• [WHAT TO DO] Write exactly the lines running from the start of the material below to the line that includes "一进入春天,许多轻盈的元素就", and include no pictures.
(TASK INPUTS Opens)
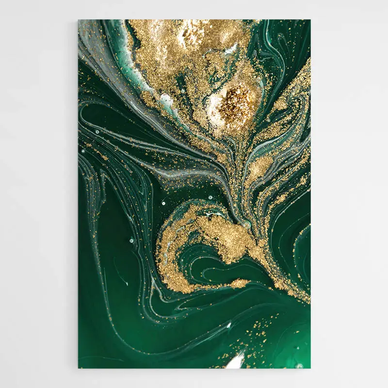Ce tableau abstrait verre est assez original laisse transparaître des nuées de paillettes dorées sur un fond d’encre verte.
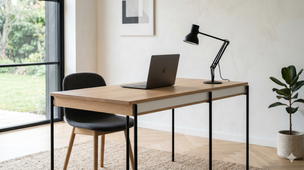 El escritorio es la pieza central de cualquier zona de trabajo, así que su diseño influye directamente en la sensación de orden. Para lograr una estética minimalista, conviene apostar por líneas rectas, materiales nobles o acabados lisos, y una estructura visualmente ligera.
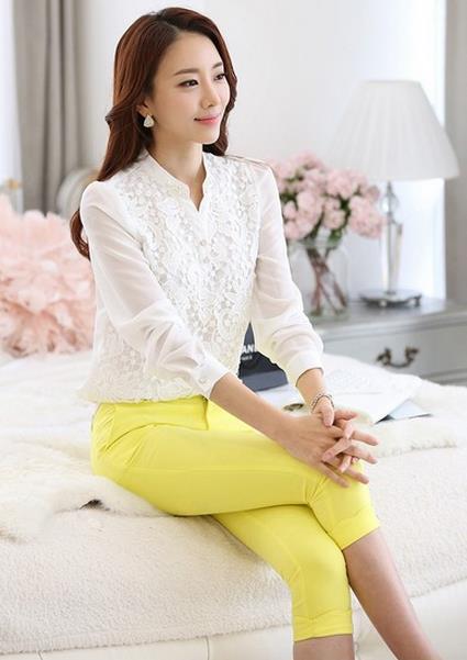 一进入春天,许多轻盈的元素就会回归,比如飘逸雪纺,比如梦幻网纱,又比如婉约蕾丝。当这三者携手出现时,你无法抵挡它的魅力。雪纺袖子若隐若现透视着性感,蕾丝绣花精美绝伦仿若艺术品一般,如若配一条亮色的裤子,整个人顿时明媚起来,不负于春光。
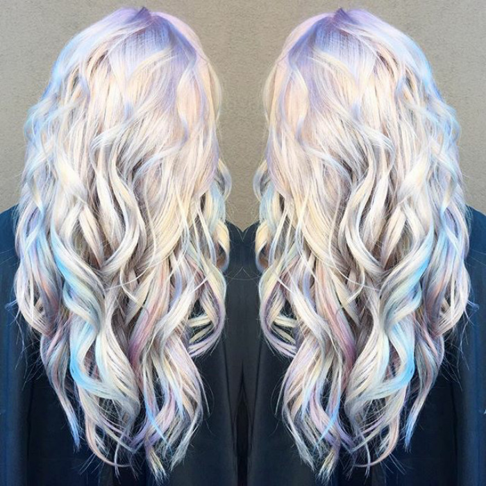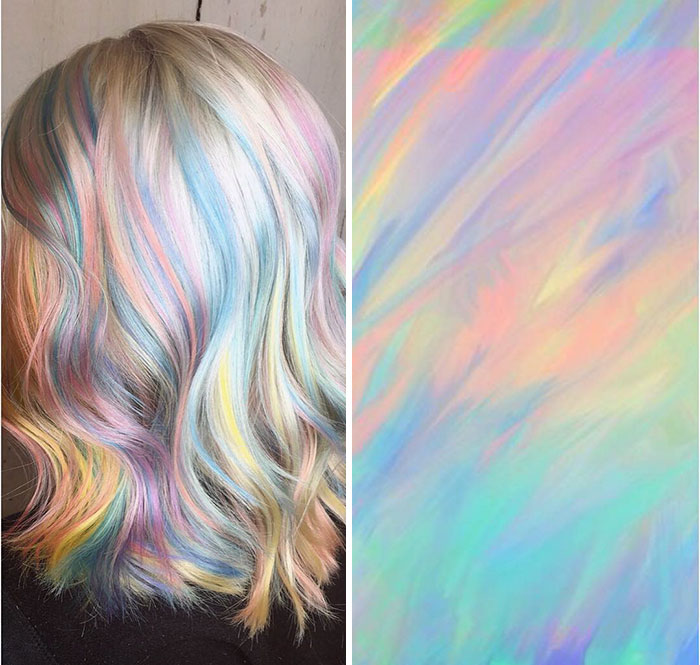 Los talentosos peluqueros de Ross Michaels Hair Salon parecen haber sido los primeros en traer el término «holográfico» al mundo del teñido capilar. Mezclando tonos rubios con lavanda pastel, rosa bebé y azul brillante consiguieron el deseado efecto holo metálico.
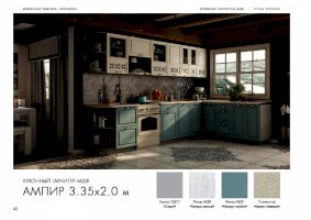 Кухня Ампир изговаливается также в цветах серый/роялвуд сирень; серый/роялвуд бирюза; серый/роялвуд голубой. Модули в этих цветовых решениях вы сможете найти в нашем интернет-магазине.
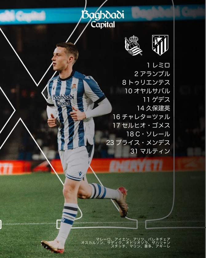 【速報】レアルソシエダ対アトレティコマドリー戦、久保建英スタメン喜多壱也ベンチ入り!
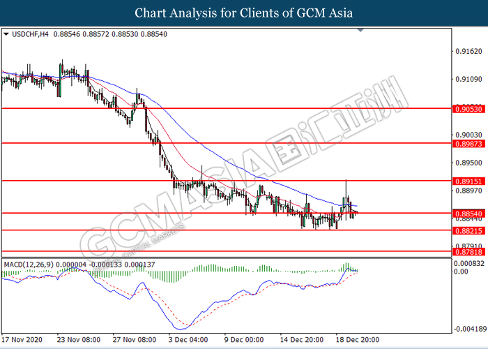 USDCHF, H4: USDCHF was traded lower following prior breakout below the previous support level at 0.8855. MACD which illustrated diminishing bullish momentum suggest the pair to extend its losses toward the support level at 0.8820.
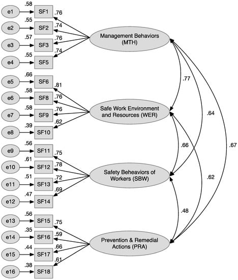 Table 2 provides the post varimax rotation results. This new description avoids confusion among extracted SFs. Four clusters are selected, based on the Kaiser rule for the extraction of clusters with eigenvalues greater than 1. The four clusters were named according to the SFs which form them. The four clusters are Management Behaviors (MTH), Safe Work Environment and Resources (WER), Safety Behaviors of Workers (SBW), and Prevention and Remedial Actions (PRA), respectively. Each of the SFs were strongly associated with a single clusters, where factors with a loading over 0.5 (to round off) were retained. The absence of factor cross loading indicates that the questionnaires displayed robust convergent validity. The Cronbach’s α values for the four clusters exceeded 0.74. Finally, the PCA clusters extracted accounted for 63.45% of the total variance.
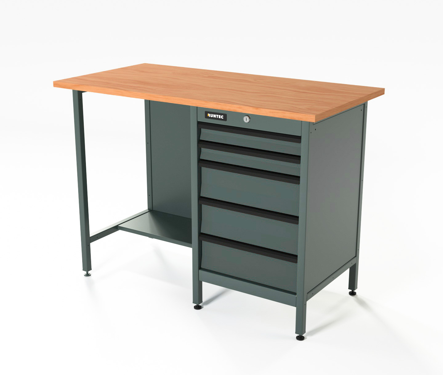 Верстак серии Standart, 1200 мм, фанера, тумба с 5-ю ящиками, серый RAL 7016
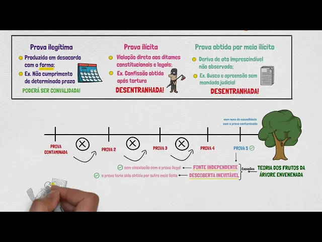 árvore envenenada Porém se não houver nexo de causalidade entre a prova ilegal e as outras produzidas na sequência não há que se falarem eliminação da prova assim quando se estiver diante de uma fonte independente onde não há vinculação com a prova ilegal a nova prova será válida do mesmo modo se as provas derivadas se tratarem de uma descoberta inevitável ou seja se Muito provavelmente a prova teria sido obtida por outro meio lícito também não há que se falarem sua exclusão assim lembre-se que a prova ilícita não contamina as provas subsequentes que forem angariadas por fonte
(TASK INPUTS Closes)
• [REPLY]
Ce tableau abstrait verre est assez original laisse transparaître des nuées de paillettes dorées sur un fond d’encre verte.
 El escritorio es la pieza central de cualquier zona de trabajo, así que su diseño influye directamente en la sensación de orden. Para lograr una estética minimalista, conviene apostar por líneas rectas, materiales nobles o acabados lisos, y una estructura visualmente ligera.
 一进入春天,许多轻盈的元素就会回归,比如飘逸雪纺,比如梦幻网纱,又比如婉约蕾丝。当这三者携手出现时,你无法抵挡它的魅力。雪纺袖子若隐若现透视着性感,蕾丝绣花精美绝伦仿若艺术品一般,如若配一条亮色的裤子,整个人顿时明媚起来,不负于春光。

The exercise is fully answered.